■ **PROVIDED DATA**:
══════════
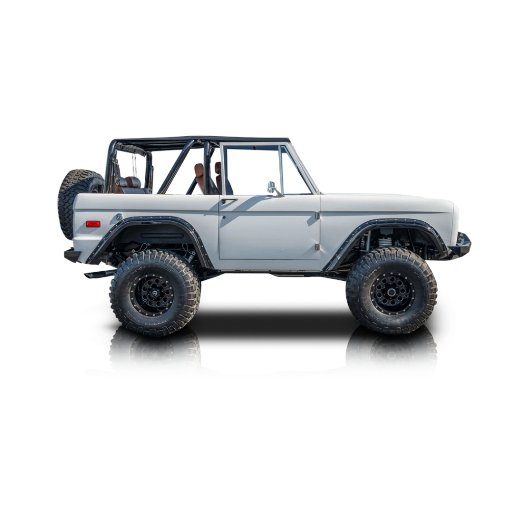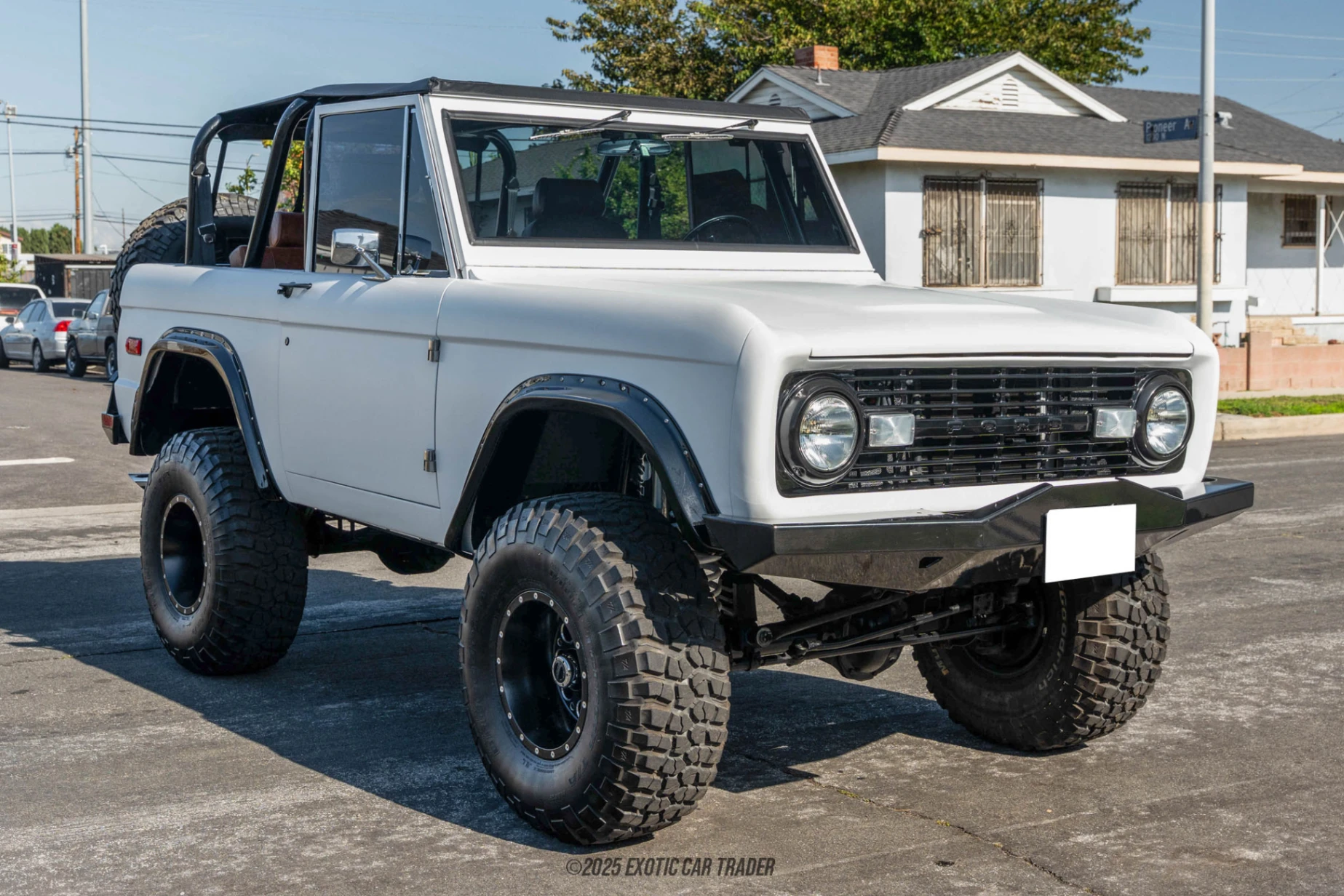 Dressed in Matte White, this 1973 Ford Bronco sits tall thanks to its custom lifted suspension system that is required to accommodate its custom forged alloy wheels and proper off-road tires. The vehicle also features a custom painted grille, custom headlamp bezels and a Warn winch mounted at the front. It’s also got a custom undercoating to keep it safe from the elements. There are flush inner fenders, hood struts and plenty of things to keep your eyes busy as you gaze upon this distinctive machine. Hop aboard its custom two-tone interior and things get even more interesting. You’ve got air conditioning, a rear-view camera an aftermarket center console, a Bluetooth-capable head unit, and aftermarket speakers. Everything appears to be meticulous, and if you were to pop the hood, even the air conditioning compressor is polished.
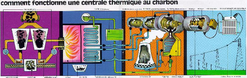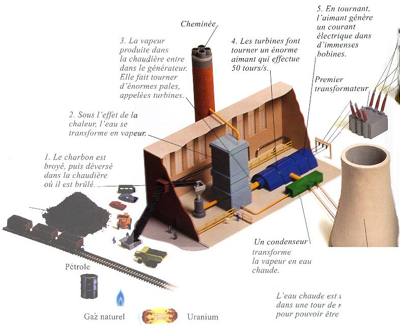 à un générateur. L’électricité est produite à partir d’une centrale thermique.
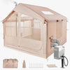 La tente gonflable de camping simplifie la vie : tu poses, tu gonfles, et c’est plié. Pas de prise de tête avec des arceaux qui font la grève. Son Oxford 420D tient la pluie, le vent et les UV, les écrans en maille laissent passer l’air sans les moustiques — merci bien. Avec l’ouverture cheminée, tu peux utiliser un poêle en toute sagesse, sans transformer l’abri en hammam. Idéale pour rando, festival ou week-end au bord du lac ⛺🔥.
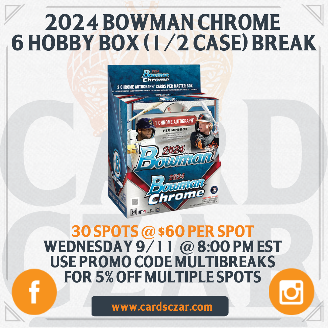 2024 Bowman Chrome Baseball 6 Hobby Box Half Case Break One of the most popular baseball releases of the year drops on Wednesday and Card Czar is loaded to the gills with it! BOWMAN CHROME is coming to the Czar channel! If we sell out of this break, we will have more releasing, so get... View Article
══════════
■ **ASSIGNED TASK**: Copy the lines above exactly, starting with the line that contains "à un générateur." and ending with the line that contains "La tente gonflable", and leave out any pictures.

■ **TASK SOLUTION**:
 à un générateur. L’électricité est produite à partir d’une centrale thermique.
 La tente gonflable de camping simplifie la vie : tu poses, tu gonfles, et c’est plié. Pas de prise de tête avec des arceaux qui font la grève. Son Oxford 420D tient la pluie, le vent et les UV, les écrans en maille laissent passer l’air sans les moustiques — merci bien. Avec l’ouverture cheminée, tu peux utiliser un poêle en toute sagesse, sans transformer l’abri en hammam. Idéale pour rando, festival ou week-end au bord du lac ⛺🔥.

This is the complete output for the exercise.